Many things must be divided in a divorce, including real estate, shares in a family business, titles to vehicles, personal property, savings or retirement accounts, tax credits and liability, and let’s not forget the children. In a divorce when the two spouses sign a final decree or the court orders a Settlement Agreement dictating the terms of their separation, the spouse who is awarded physical custody of children retains the marital home or other real estate, or receives title to certain personal property or the family business will also receive specific tax breaks or liabilities that go with those items. To learn more about the tax implications of dividing assets in Alpharetta, it is best to consult with a knowledgeable attorney from our team.
If a couple in the process of divorcing is still married on the last day of a tax year, they have the option of filing their federal tax return as married filing jointly or as married filing separately. The former tax status entitles the couple to additional tax benefits, such as the largest standard deduction, more generous tax brackets, and no dispute as to who claims the children that year as dependents.
For a sole working spouse, the double standard deduction can reduce taxable income significantly. On the other hand, both spouses become jointly and separately liable for: the accurate reporting of all income and credits, as well as the entire tax liability including interest and penalties if these are assessed.
If you prefer to separate your finances immediately, then filing separately may be a better option. Filing separately can entitle the custodial parent to file as head of household. This is an advantageous tax status which carries a higher standard deduction and the possibility of qualifying for additional tax credits. For the non-custodial parent, filing separately may result in higher taxes – but no shared liability with a spouse that can’t be trusted or is not cooperating on a joint return.

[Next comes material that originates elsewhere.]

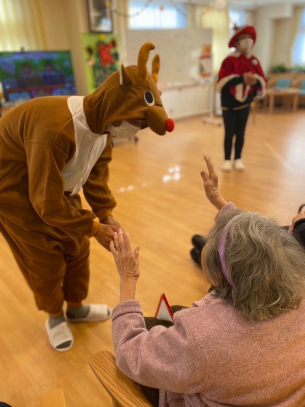今年のクリスマス会は「ケアスタッフによるダンス披露」と「クリスマス会用に用意したレクリエーション」、おやつに「手作りホットケーキ」を用意させていただきました♪

Spouses filing taxes separately – either before or following a divorce – can never claim the same child on both of their tax returns in any given year. The right to claim dependents normally goes to the parent with physical custody and must be waived by the custodial parent signing IRS Form 8332.
Certain deductions only exist if the divorce is not finalized before the end of the tax year. For instance, if one spouse contributed to the other spouse’s traditional IRA during the tax year, the contributing spouse can only deduct their contribution if the divorce is not yet finalized at the end of the tax year. Otherwise, the contribution stands and may be divided if it is designated marital property by the court, but the tax deduction for the IRA contribution will be lost.
All property distribution in Alpharetta follows the rule of equitable division of assets. This means that the court must determine that the two spouses receive an equitable share of the marital assets, when balanced against both parties’ separate property, their earning ability, and other factors. If one spouse is granted physical custody of the children, they may also receive title to the marital home and the larger vehicle in the settlement, while the other spouse may receive a larger share of the savings account or family business.
Parents awarded custody will benefit from the Head of Household tax status and various tax credits available only to those who are able to claim dependents on their tax returns. As of the 2017 Tax Cuts and Jobs Act, alimony ordered in divorces effective after January 1, 2018 is no longer tax-deductible to the payor nor taxable to the recipient. Child support, as always, remains a non-taxable event.
Whether separate property brought into the marriage, or marital property acquired with joint funds, if an asset’s appreciation is due to anything more than market forces during a marriage, that appreciation must be considered a marital asset. If the appreciation in value is a marital asset, then it is subject to equitable division by the Alpharetta divorce court, and both spouses will be responsible for the capital gains taxes on their proportion if and when they dispose of that asset.
In the same way that appreciation of an asset due to the efforts of one or both spouses becomes a marital asset, depreciation of an asset due to the efforts of one or both spouses is also considered marital property. In the case of depreciation, the loss would be divided equitably along with other property, and both spouses would be able to write off their proportion of the depreciation on their taxes. In the case of capital loss, the loss in value would be equitably divided upon disposing of the asset, and both spouses would include the capital loss on their taxes for the following tax year.
In either of these cases, if an Alpharetta divorce is not finalized prior to disposing of the asset or prior to the end of the tax year in which the appreciation or depreciation was realized, and the spouses elect to file a federal tax return under the status married filing jointly, then the entire capital gain or loss can be included on the joint return, either adding to or deducting from the couple’s joint income.